Rainbow Around the Sun
 
 
Letters from Drunvalo Volume 1 Issue 9
© Spirit of Ma'at 2003

So far, the predictions from the Mayans, and others, of major Earth changes before the end of this year have not manifested. But we feel to stay awake and watch the events of the next three months. We will keep you informed.

And now, we will resume our story of the adventures of our small group of International friends who are following the instructions of both the Mayans living on the surface today and the Mayans who are inside the Earth in another dimension.

Journeying South

The day after the Solstice Celebration at Chichen Itza — and with the ceremonies and prayers still lingering in our hearts — we left the Mayaland Hotel and turned our faces toward Quintana Roo. On this day, we would journey toward the Fifth-Chakra Mayan site at Tulum (just as the Fifth Chakra in the body is all about speaking one's truth, so Tulum is the Mayan center for sound, and for the vibration and harmonies of music). On the way to our hotel, a resort on the Mexican Caribbean, we would visit Coba — perhaps the largest site in the Yucatan, although much of it remains to be excavated. And later in the afternoon, we would make the trek to one of Quintana Roo's hundreds of cenotes, on private land, hidden deep in the jungles near Tulum.
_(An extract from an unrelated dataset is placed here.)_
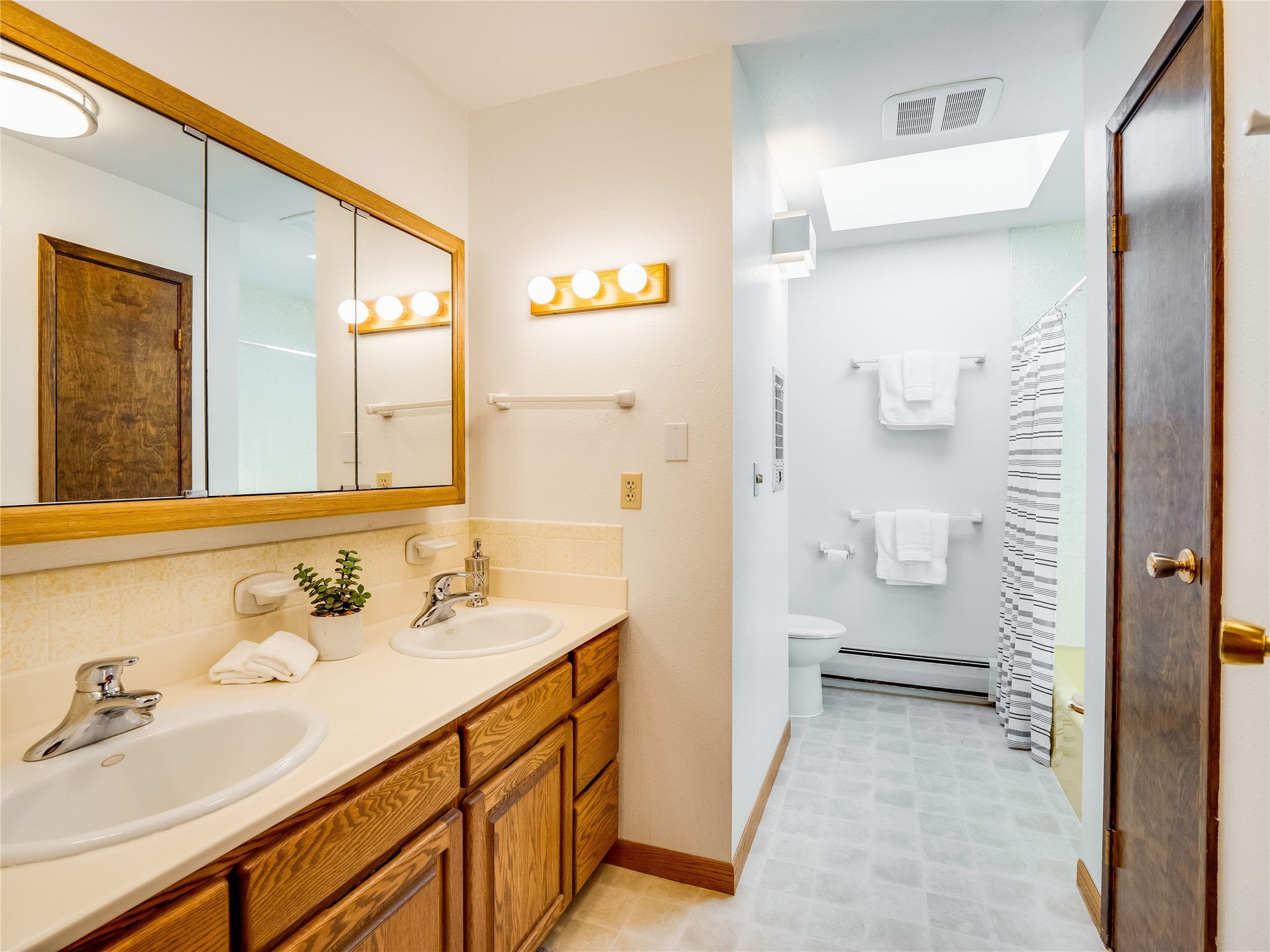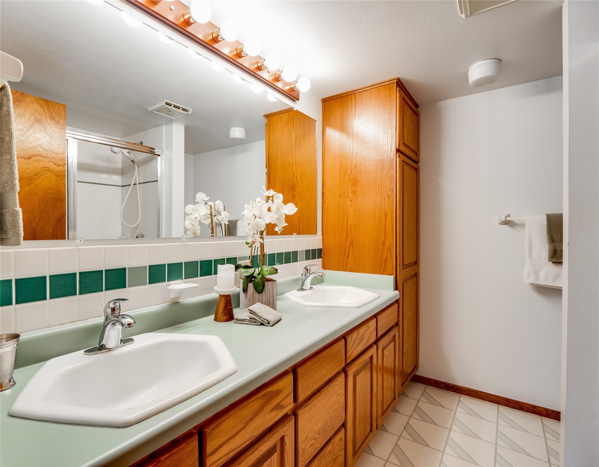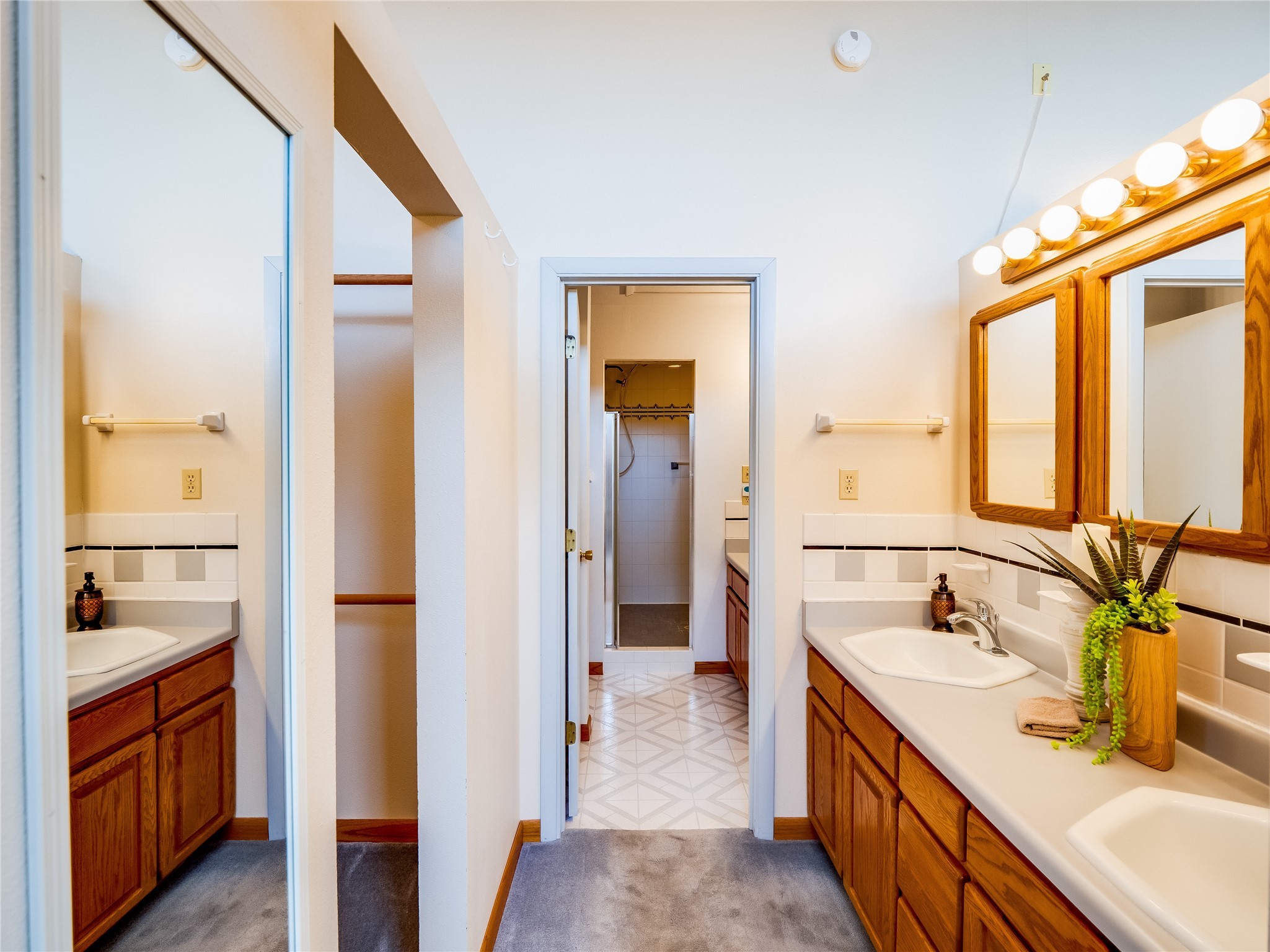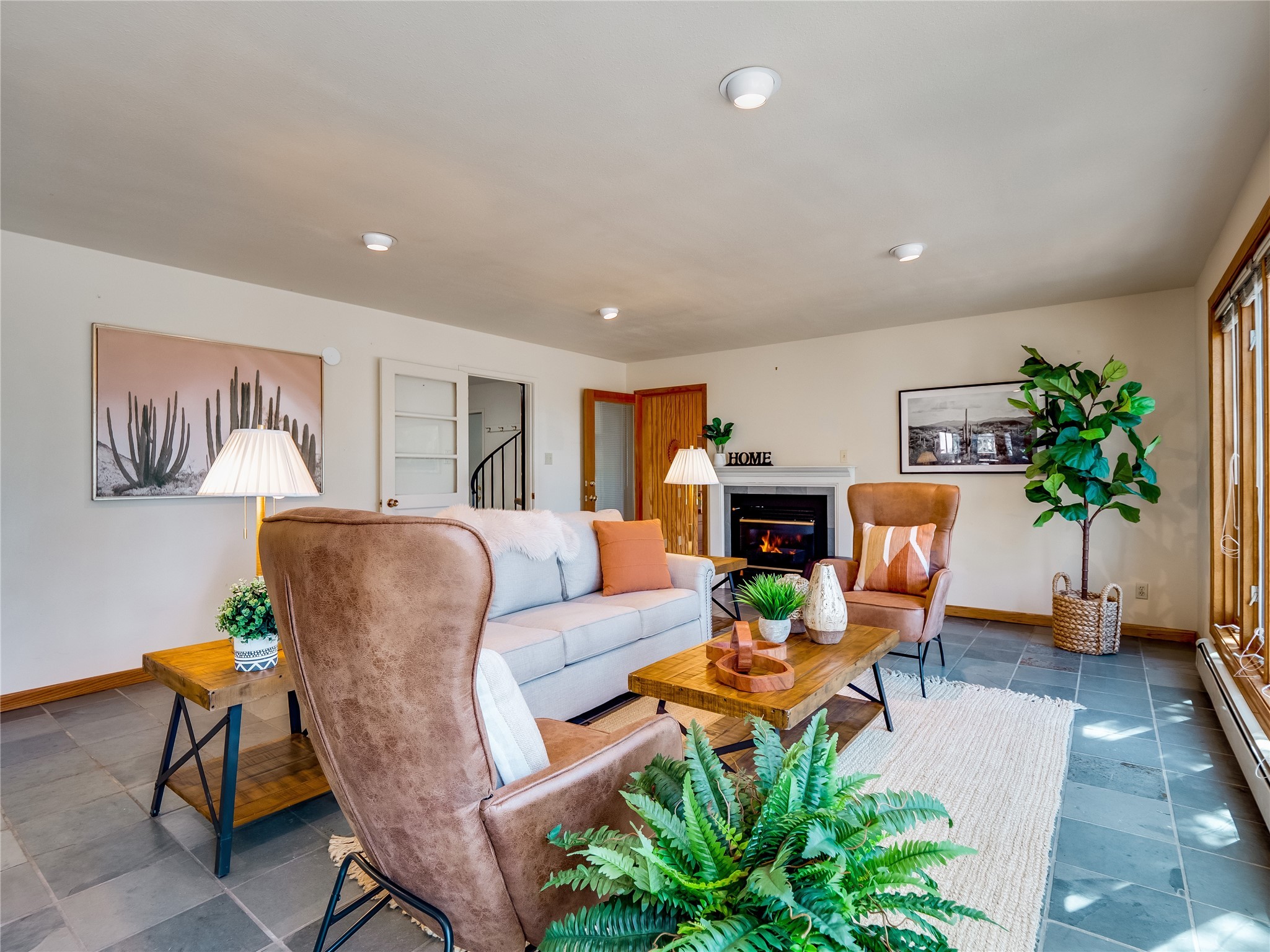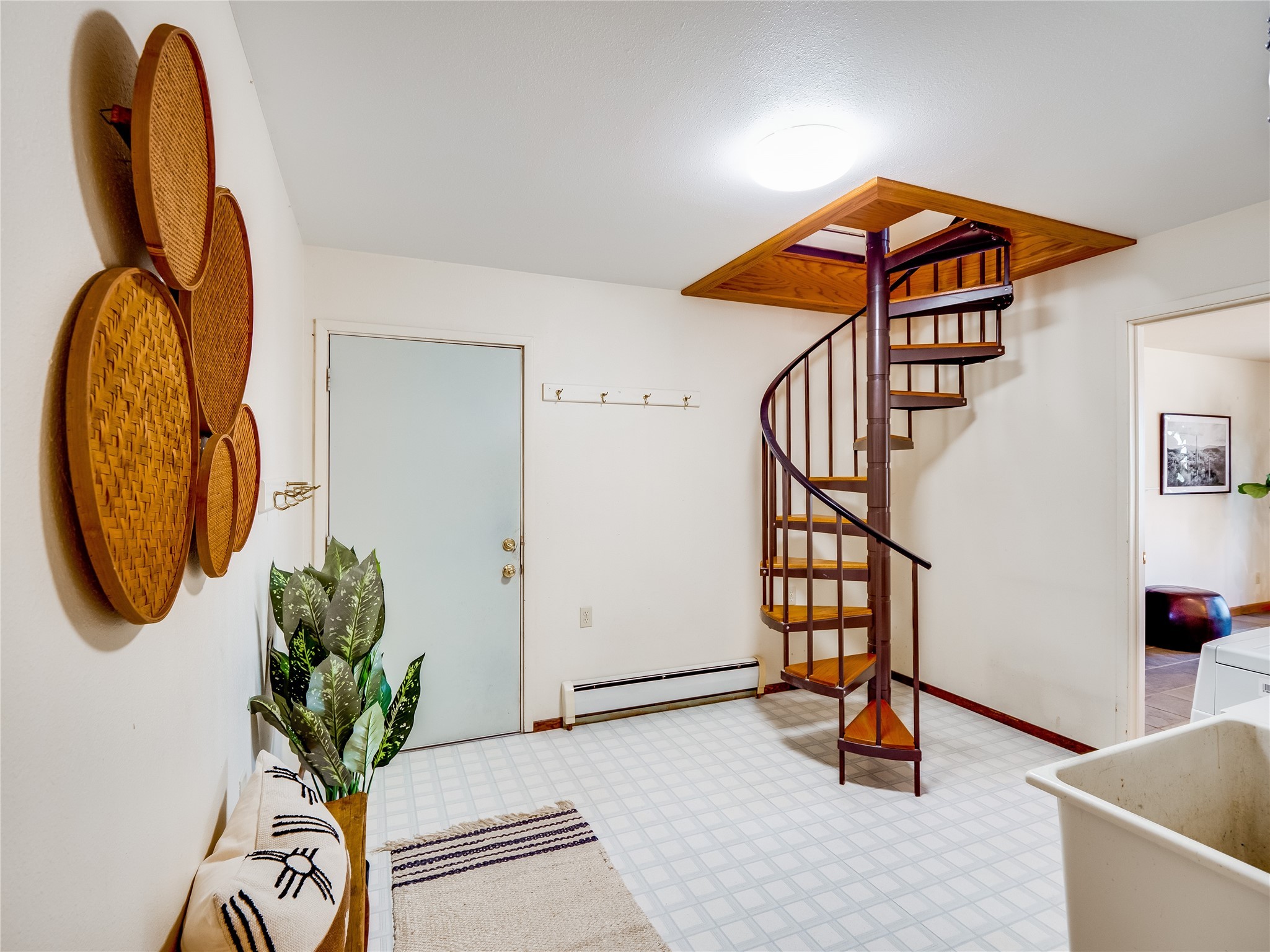 Tucked into the canyon edge, this stunning multi-level custom home offers breathtaking views, unique features, and a flexible layout ideal for entertaining or a quiet retreat. With beautiful curb appeal, the home is framed by mature landscaping and towering trees. Step into the welcoming foyer and head up to a spacious, sun-filled living room with plush carpet and large windows that flood the space with natural light. The connected open dining room has sliding glass doors to the back deck--perfect for BBQing. The kitchen is both functional and stylish, featuring wood cabinetry, a peninsula island with bar seating and under-storage, stainless steel appliances, hard surface counters, tile backsplash, and tile flooring throughout. A few steps down, you'll find a wet bar that flows into the bright family room, where a wall of windows captures the beauty of the backyard and canyon beyond. French doors open to the back deck, while a wood fireplace adds warmth and charm. This level also features a spacious guest bedroom and a guest bath with a double sink vanity and a walk-in shower. Down the hall, the laundry room offers access to the garage and a spiral staircase leading to the top floor. There's an indoor spa room with a tranquil pond. Upstairs, you'll find two additional guest bedrooms, a full guest bathroom, and a luxurious primary en-suite. The primary bedroom is a true retreat with vaulted beamed ceilings, a wall of windows, a private deck, and direct access to the main deck. Enjoy two large walk-in closets with built-in organizers and a spa-like bathroom with a double sink vanity, an additional single vanity, and a tiled walk-in shower with dual shower heads. The basement adds even more space, with a kitchenette and an additional 728 sq ft not included in the total square footage. The large backyard boasts canyon views, built-in bench seating on the deck, and room to relax or entertain. With views, ample storage, and charm, Don't miss this one-of-a-kind canyon home!

As we slowly made the long drive to Coba, we had — after so many surprises — given up our expectations. Childlike, all we brought with us now were open hearts and open eyes. We were simply waiting for God to show us our next responsibility.

Exploring an Ancient City

At Coba, we found a compound surrounded by small palm-thatched open-air eating places, where we had lunch. One of the specialties served there was fresh coconut milk, which was sipped through a straw straight from the coconut itself. After lunch, we entered the temple site of Coba.

Coba is an impressive place, covering nearly 50 square miles, and once home to an estimated population of 40,000 Mayans. The huge ancient city that originally surrounded Coba was so big that if we could see it as it was just over a thousand years ago, we would probably change our concepts of who the Mayans were. Looking out from the top of Coba's Great Pyramid — Nohoch Mul — we can see all the evidences of an extremely advanced civilization.

SacBe from Koba to KukilkanOur guide, Umberto, described for us one interesting feature of Coba: This site was the hub of a system of incredibly sophisticated ancient roads, called Sacbe (pron. sock-bay), roadways of stone built to a height of one or two meters and covered with mortar. Most of the mortar is gone, now, but many of the Sacbe stones remain in place. Umberto had been pointing them out to us along our journey, but here was the culmination. In truth, at the height of Mayan civilization, "All Sacbe led to Coba."

The existence of these roads, Umberto noted, was puzzling in that the Mayans had no form of wheeled travel, or even horses. Perhaps the roads were used for religious processions. Most certainly, their patterns are related to the Mayan calendar. They seem to be parts of a huge astronomical "time machine."

One of the delights at Coba is the bicycle cars. Those visitors who do not wish to make the long trek from the gates of Coba to the Great Pyramid may ride in these cars. Propelled by human effort, they are very much like four-wheeled rikshas, except that the driver pedals them rather than pulling them on foot. We did not see these anywhere else in the Yucatan.

In Coba, I approached the Great Pyramid, Nohoch Mul, wondering if it would be anything like what I had seen when I was there years before.

In 1985, the Great Pyramid had been nothing more than a small stone house on top of a large hill. Today, I saw it completely revealed, the tallest pyramid in the Yucatan. It was hard to believe!

Many more of Coba's estimated 6,500 pyramids, temples, and other structures had been excavated since my previous visit. Now, the Great Pyramid, despite its size, seems almost unimportant among so many others in this vast complex. It was surprising to see so much exposed and mapped out that had previously been hidden.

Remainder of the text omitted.